Heeding pleas to restart mining in Goa, the Supreme Court on Monday lifted the complete ban on extraction of iron ore in the state but made resumption of mining activities conditional on issuance of fresh leases.
The decision offers a ray of hope to thousands thrown out of jobs after the court shut down mining in the wake of reports of massive illegal extraction of iron ore though awarding of fresh leases will be time-consuming.
The SC order has implications beyond Goa as the mining sector’s woes contributed to the economic slowdown along with low growth in manufacturing. Mining has been affected in Karnataka and Odisha as well.
During April 2012-January 2013, India’s iron ore exports fell about 68.27 per cent to 16.35 million tonnes year-on-year. In April-September 2013, the mining sector contracted 1.6 per cent. It has been negative in the two previous fiscals.

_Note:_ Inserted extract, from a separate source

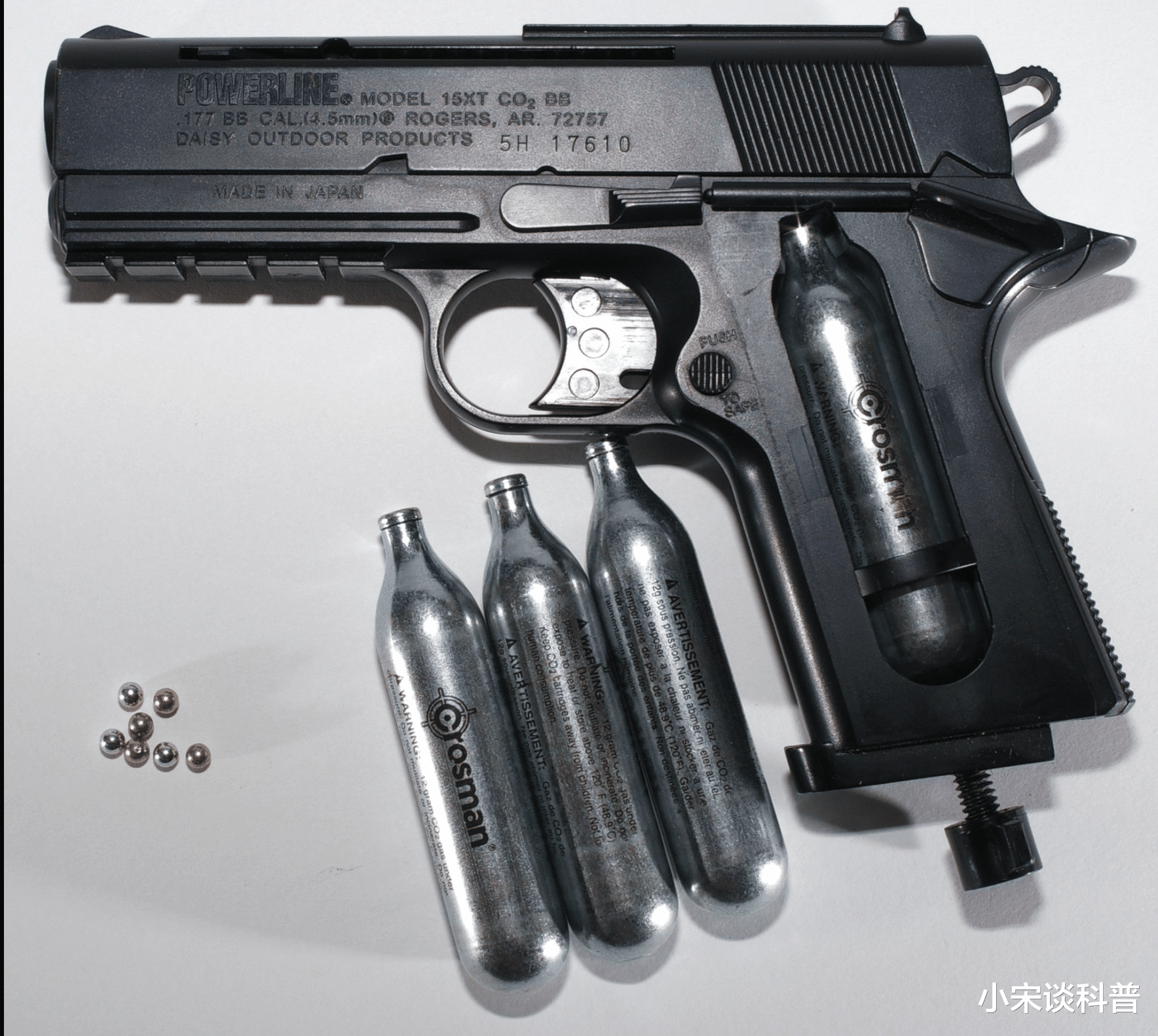 软气枪使用压缩空气、二氧化碳或其他气体作为膨胀物质,通过压缩气体来增加其密度和气压。在扣动扳机之前,压缩气体被储存在密闭容器中。

The mining sector has also been hurt by Coalgate and long pendency of key amendments to the Mines and Minerals (Development and Regulation) Act to allow private firms to engage in mining through competitive bidding. The Goa government and various bodies have been seeking a review of the ban, saying legal mining be allowed as thousands of livelihoods and state revenues are being severely impacted.
In its order, the SC bench limited iron ore extraction at 20 million tonnes a year and cancelled mining leases that had been given extensions after 2007 after completion of 20-year renewal periods.
This is a hurdle the mining industry and the state government have to cross and the role of the new government at the Centre, expected to be in office by May, will be crucial in ensuring quick clearances.
On Monday, the green bench of justices AK Patnaik, SS Nijjar and FMI Kalifulla ordered cancellation of all mining leases given extension after 2007 even after completion of the maximum 20 years of renewal period and upheld the state as well as central government’s decisions in September 2012 in this regard.
It also set out conditions like defining a one-km buffer zone around national parks and sanctuaries as no-mining areas and asked the Union ministry of environment and forests to issue a notification within six months demarcating eco-sensitive zones around national parks and sanctuaries.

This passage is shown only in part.